In this problem, you consider the tension as a vector ${\bf T}$ that varies continuously with the rope coordinate $s$, and think about the mathematical properties of the map ${\bf T}(s):\mathbb{R} \to \mathbb{R}^2$. In order to solve the problem, you need to consider the forces on very short segments of rope. More mathematically precisely, this means you Taylor expand the function ${\bf T}(s)$ to some finite order. If you imaging expanding to zeroth order and only consider the forces on individual points (as you are implicitly doing), then as the other answers point out, the two tensions cancel, gravity is zero, and the force-balance equation becomes trivial. So in order to get a useful equation, you need to expand everything to first order in $s$, and consider small but not "that" small stretches of rope. Once you do this, gravity becomes important, but also the two tensions at the two endpoints of the short stretch of rope are no longer collinear.

So you can legitimately tell two different stories: (a) gravity has no effect on really short segments of rope, and the tension is always collinear, or (b) gravity has an effect on short segments, but the tensions aren't collinear.

The first story is what you get at zeroth order in $ds$, and the second story is what you get at first order.

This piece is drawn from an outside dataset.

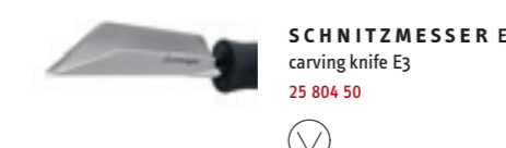
SCHNITZMESSER E3 carving knife E3 25 804 50

Your problem is you you were (unknowingly) working at zeroth order in ${\bf T}(s)$ (by asserting that the tensions are collinear) but at first order in ${\bf W}(s) = \lambda\, ds\, {\bf g}$ (by asserting that the point at the bottom has weight). There are no paradoxes at either order, as long as you're consistent.

(This problem also illustrates another general physics principle, which is that the correct order to which to Taylor expand is often the lowest order that doesn't just give you "$0 = 0$".)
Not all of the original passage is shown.